Work instructions = Please reproduce the lines from the one containing "Сергей Бартош, а" through the end of the data below exactly as they stand, and omit all pictures.

Input data =
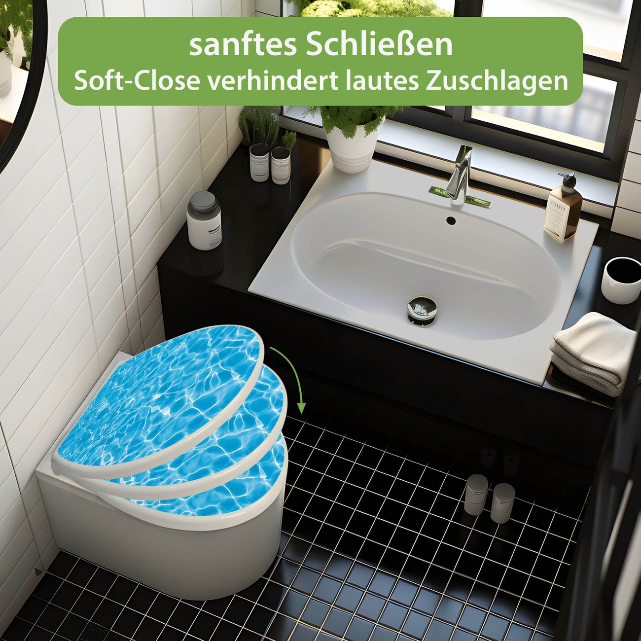 Toilettendeckel weiß mit Absenkautomatik Motiv Wasseroberfläche
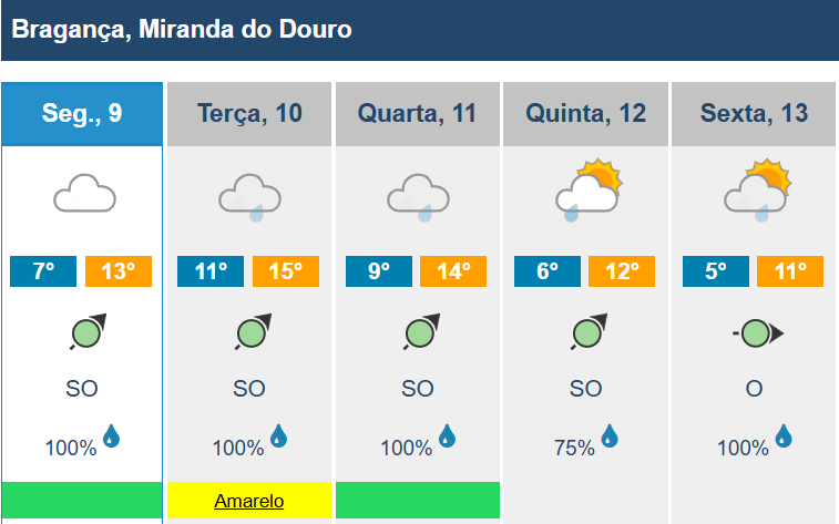 Todos os distritos de Portugal continental estão quarta e quinta-feira sob aviso amarelo devido à previsão de chuva por vezes forte, passando a aguaceiros, devido à passagem de uma nova depressão, segundo o IPMA.
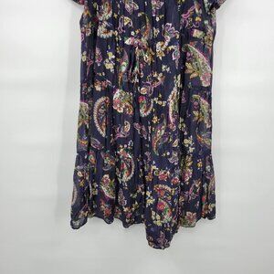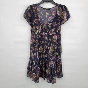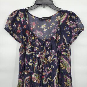 Zara Basic Women Blue Sheer Short Sleeve Square Neck Floral Mini Dress Size S
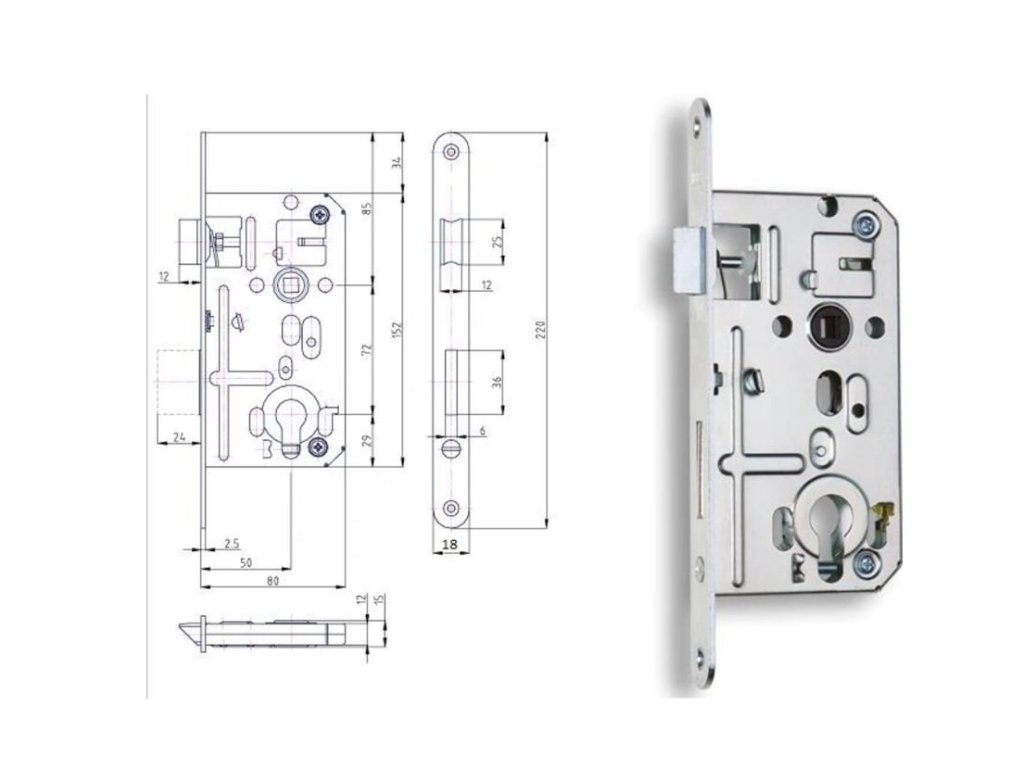 Tento model je dvouzápadový (má dva výsuvné západy) a je vybaven převodem, což znamená, že ovládání klíčem může posunout i střelku. Konstrukce je navržena jako pravolevý (P-L), tedy univerzální – zámek lze použít jak na pravé, tak levé dveře.
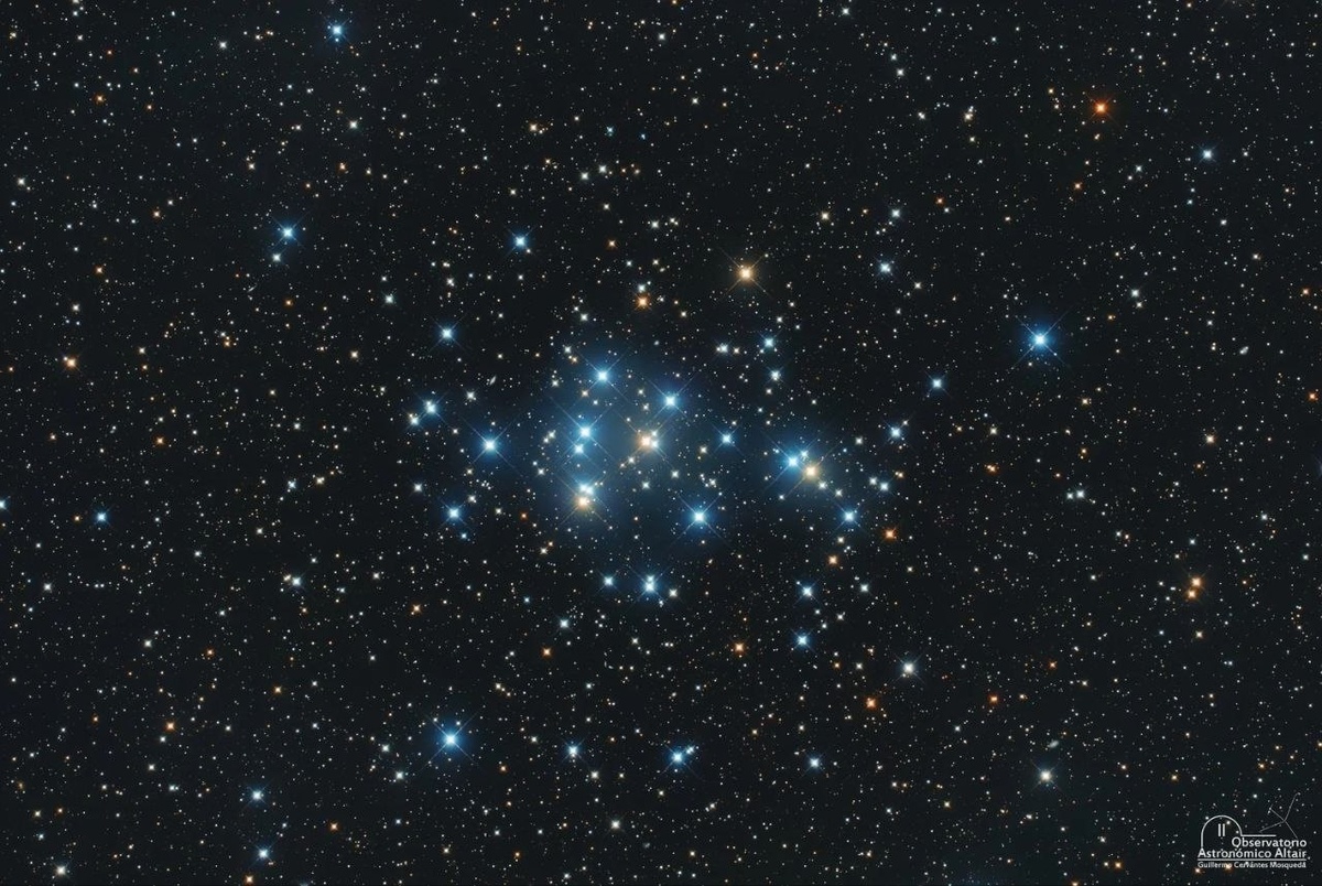 ») Одно из ближайших и самых ярких рассеянных звездных скоплений на ночном небе, Скопление «Ясли», также известное как скопление «Улей» и Мессье 44, с древних времен восхищало людей как едва различимое туманное пятно, видимое невооруженным глазом в созвездии Рака. Это обширное скопление, расположенное примерно в 575 световых годах от нас, содержит несколько сотен звезд, слабо связанных гравитацией. Все они образовались из одного гигантского молекулярного облака примерно 600 миллионов лет назад. В бинокль или небольшой телескоп это мягкое свечение превращается в скопление множества звезд, за что оно и получило свое название, став одним из самых манящих сокровищ глубокого космоса. «Ясли» — это не просто красивое зрелище, это настоящая лаборатория для изучения эволюции звезд в обычной среде. Звезды в скоплении различаются по массе и яркости, а по возрасту оно занимает промежуточное положение между более молодыми рассеянными скоплениями и более старыми, более разреженными звездными г
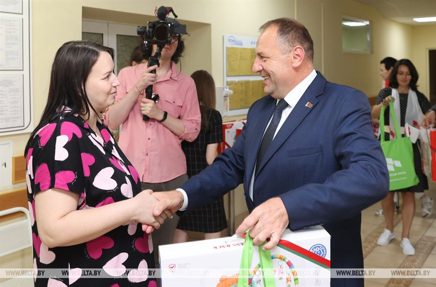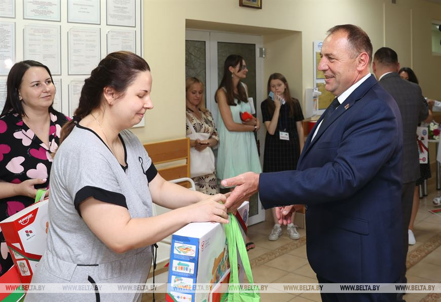 Сергей Бартош, а также заместитель председателя облисполкома Дмитрий Алейников, председатель областной организации РОО "Белая Русь" Галина Терещенко вручили мамам и их деткам подарки.
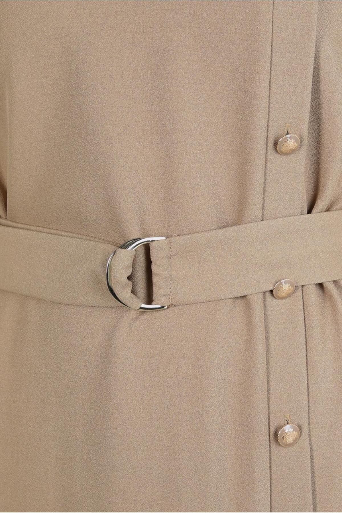 طراحی کمربنددار آن، به آرامی خطوط بدن را در بر میگیرد و ظاهری زنانه ایجاد میکند.
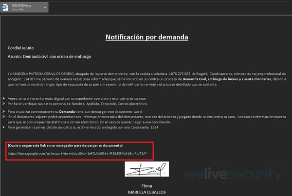 La primera etapa tiene la finalidad de descargar y ejecutar un archivo Batch (archivo de procesamiento por lotes). Esto lo hace por medio del envío de un enlace que se encuentra en el documento adjunto dentro del correo que reciben las víctimas. Este enlace dirige a las víctimas a la descarga de un archivo comprimido, que está alojado en Google Drive y protegido con contraseña. La contraseña para abrirlo se encuentra dentro del mismo correo. Para captar la atención de las víctimas, los cibercriminales utilizan diferentes engaños relacionados con supuestas demandas o procesos judiciales que los usuarios poseen.
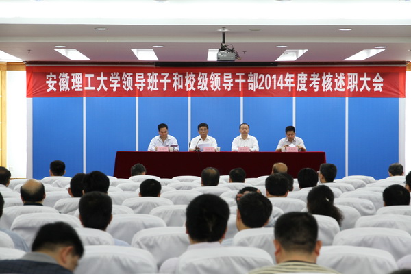 4月27日下午,我校召开校党政领导班子和校级领导干部2014年度考核述职大会。以省委教育工委组干处调研员朱晓明为组长的考核组一行到校指导。会议由校党委书记颜事龙主持。校长郭永存,校督导员张明旭,校领导叶醒狮、王洪、王其东、周峰,处级干部,正高职称人员参加了会议。
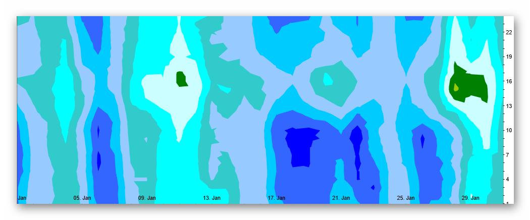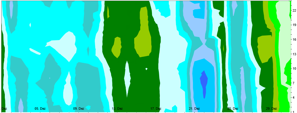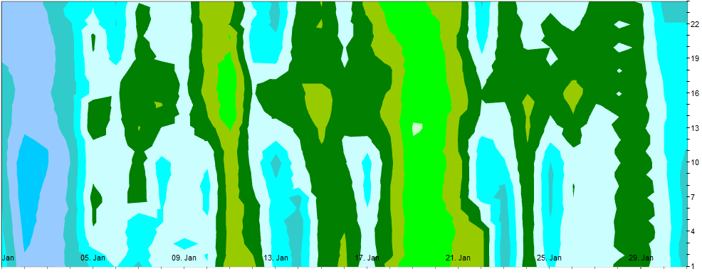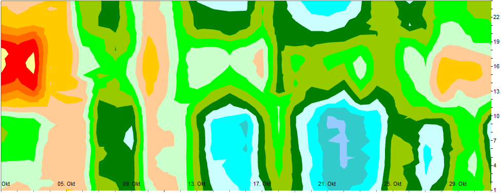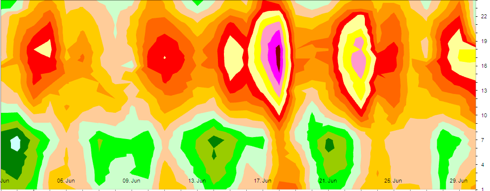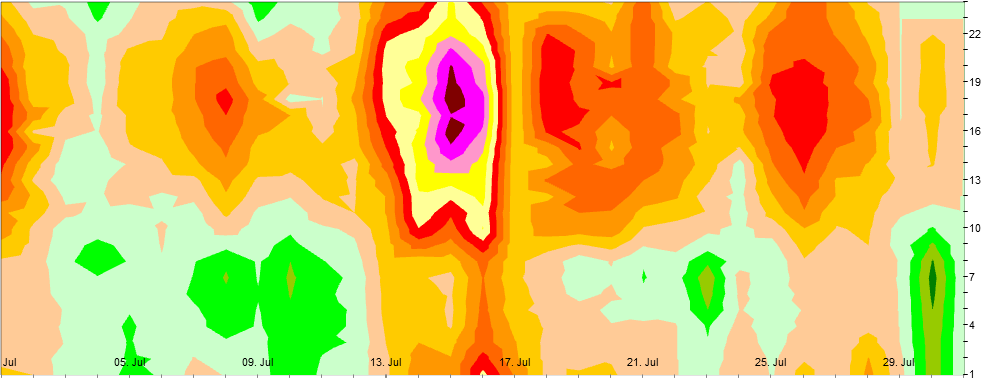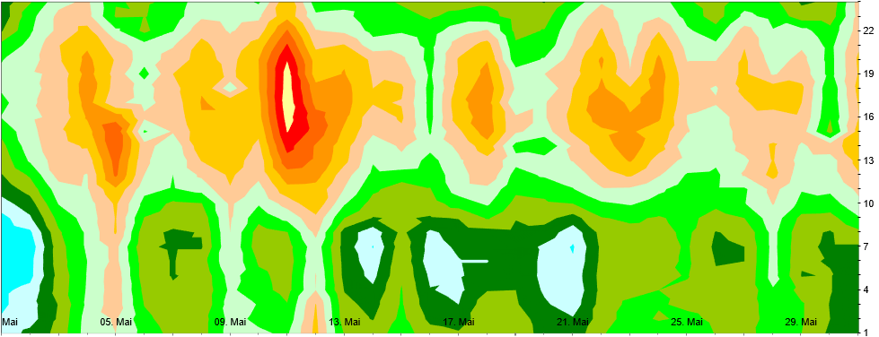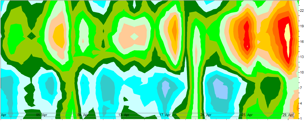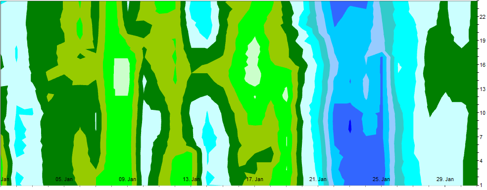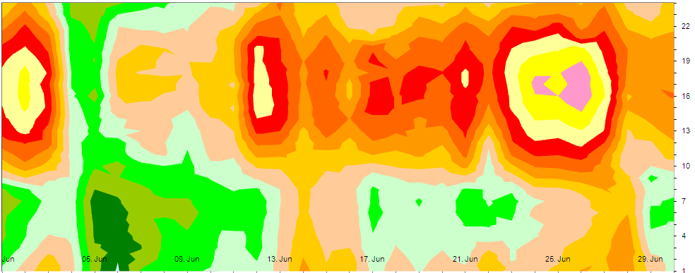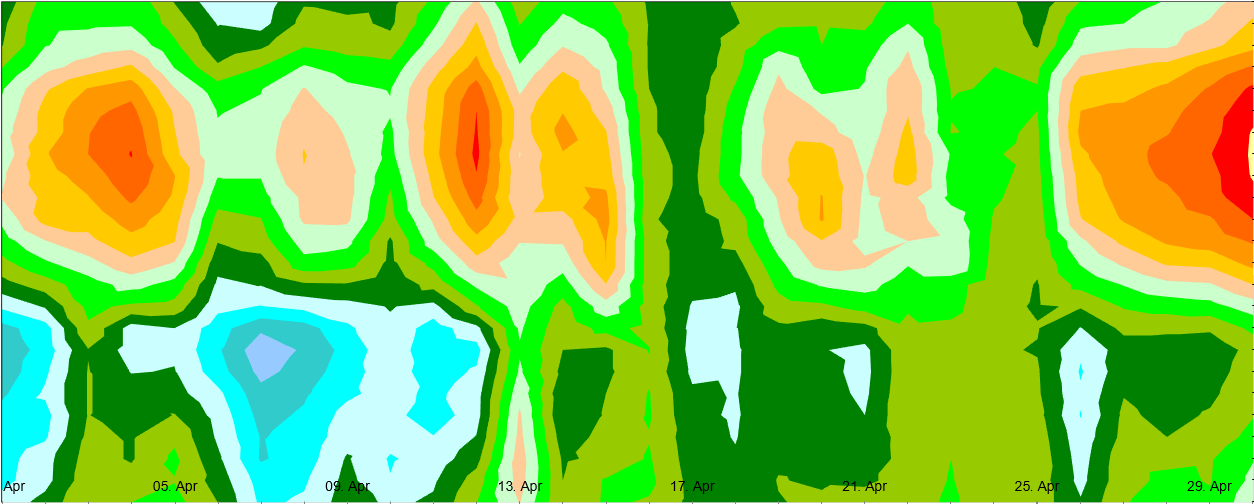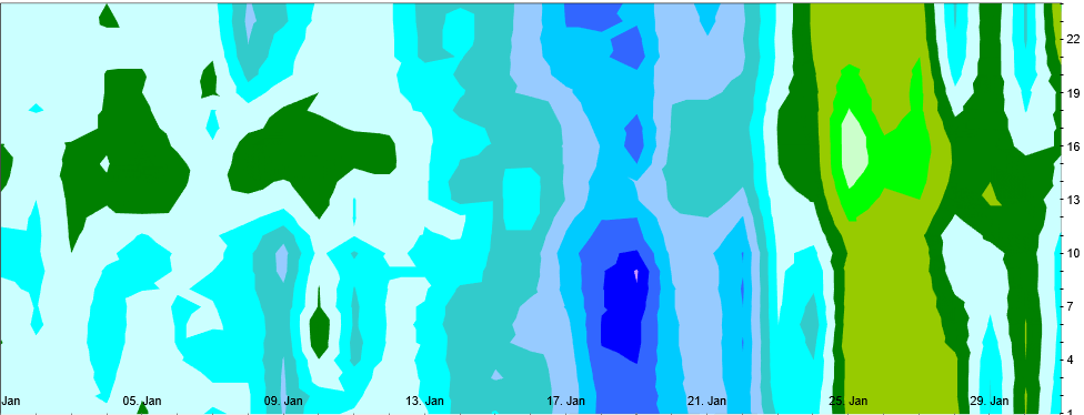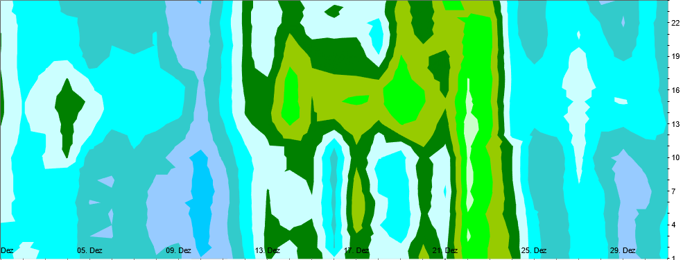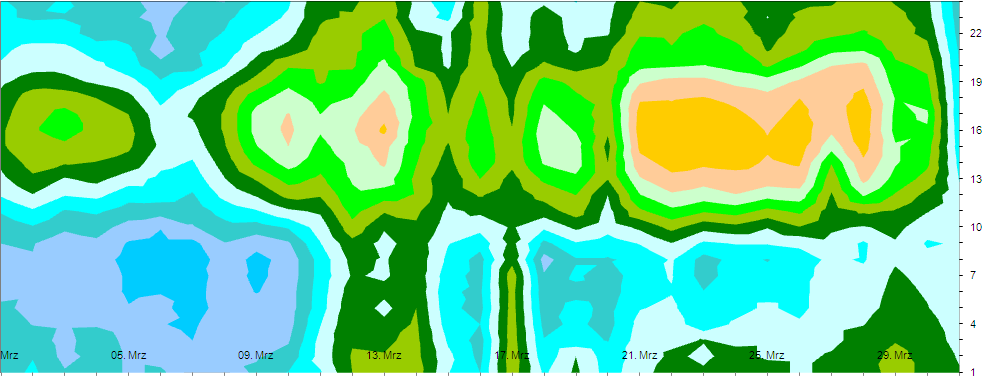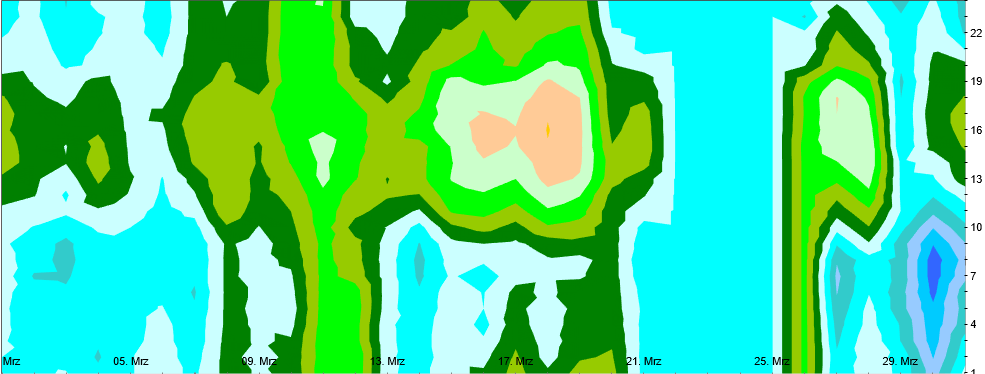 Isoplethendiagramm (Linien gleichen Zahlenwertes einer Größe) dienen dazu, um z. B. bei einem Thermoisoplethendiagramm die Tages- sowie die Jahresschwankungen der Lufttemperatur in einem Diagramm festzuhalten. So können Kälte- und Wärmeperioden schneller gedeutet werden. Durch die farbliche Abgrenzung der Isoplethen sind jahreszeitlich bedingte Veränderungen sichtbar. Wie werden die Diagramme erstellt bzw. was ist die Grundlage dieser. Es werden die Temperaturwerte zu jeder vollen Stunde eine Tages gesammelt und dies den ganzen Monat. Daraus wird dann diese Diagramm erstellt

Result for this task =
 Сергей Бартош, а также заместитель председателя облисполкома Дмитрий Алейников, председатель областной организации РОО "Белая Русь" Галина Терещенко вручили мамам и их деткам подарки.
 طراحی کمربنددار آن، به آرامی خطوط بدن را در بر میگیرد و ظاهری زنانه ایجاد میکند.
 La primera etapa tiene la finalidad de descargar y ejecutar un archivo Batch (archivo de procesamiento por lotes). Esto lo hace por medio del envío de un enlace que se encuentra en el documento adjunto dentro del correo que reciben las víctimas. Este enlace dirige a las víctimas a la descarga de un archivo comprimido, que está alojado en Google Drive y protegido con contraseña. La contraseña para abrirlo se encuentra dentro del mismo correo. Para captar la atención de las víctimas, los cibercriminales utilizan diferentes engaños relacionados con supuestas demandas o procesos judiciales que los usuarios poseen.
 4月27日下午,我校召开校党政领导班子和校级领导干部2014年度考核述职大会。以省委教育工委组干处调研员朱晓明为组长的考核组一行到校指导。会议由校党委书记颜事龙主持。校长郭永存,校督导员张明旭,校领导叶醒狮、王洪、王其东、周峰,处级干部,正高职称人员参加了会议。
 Isoplethendiagramm (Linien gleichen Zahlenwertes einer Größe) dienen dazu, um z. B. bei einem Thermoisoplethendiagramm die Tages- sowie die Jahresschwankungen der Lufttemperatur in einem Diagramm festzuhalten. So können Kälte- und Wärmeperioden schneller gedeutet werden. Durch die farbliche Abgrenzung der Isoplethen sind jahreszeitlich bedingte Veränderungen sichtbar. Wie werden die Diagramme erstellt bzw. was ist die Grundlage dieser. Es werden die Temperaturwerte zu jeder vollen Stunde eine Tages gesammelt und dies den ganzen Monat. Daraus wird dann diese Diagramm erstellt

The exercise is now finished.